Facebook Thrift allows you to define data types and service interfaces in a simple definition file. Taking that file as input, the compiler generates code to be used to easily build RPC clients and servers that communicate seamlessly across programming languages. It supports the following programming languages; C++, Java, Python, PHP and Ruby.

Google Protocol Buffers allows you to define data types and service interfaces in a simple definition file. Taking that file as input, the compiler generates code to be used to easily build RPC clients and servers that communicate seamlessly across programming languages. It supports the following programming languages; C++, Java and Python.

That’s interesting. Didn’t Steve Vinoski recently claim that RPC and it's descendants are "fundamentally flawed"? If so, why are Google and Facebook not only using RPC but proud enough of their usage of yet another distributed object RPC technology based on binary protocols that they are Open Sourcing them? Didn’t they get the memo that everyone is now on the REST + JSON/XML bandwagon (preferrably AtomPub)?

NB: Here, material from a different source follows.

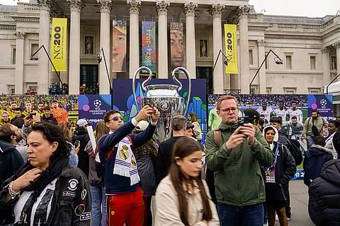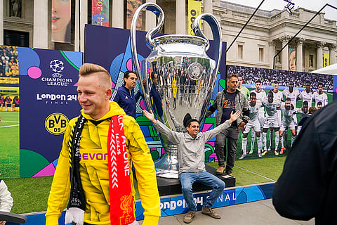 Fans pose for photographs next to a giant copy of the trophy in a fan zone in Trafalgar Square, in London ahead of tomorrow's UEFA Champions League final at Wembley stadium between Borussia Dortmund and Real Madrid.

In truth, Google is on the REST + XML band wagon. Google has the Google Data APIs (GData) which is a consistent set of RESTful APIs for accessing data from Google's services based on the Atom Publishing Protocol aka RFC 5023. And even Facebook has a set of plain old XML over HTTP APIs (POX/HTTP) which they incorrectly refer to as the Facebook REST API.

So what is the story here?

It is all about coupling and how much control you have over the distributed end points. On the Web where you have little to no control over who talks to your servers or what technology they use, you want to utilize flexible technologies that make no assumptions about either end of the communication. This is where RESTful XML-based Web services shine. However when you have tight control over the service end points (e.g. if they are all your servers running in your data center) then you can use more optimized communications technologies that add a layer of tight coupling to your system. An example of the kind of tight coupling you have to live with is that  Facebook Thrift requires specific versions of g++ and Java if you plan to talk to it using code written in either language and you can’t talk to it from a service written in C#.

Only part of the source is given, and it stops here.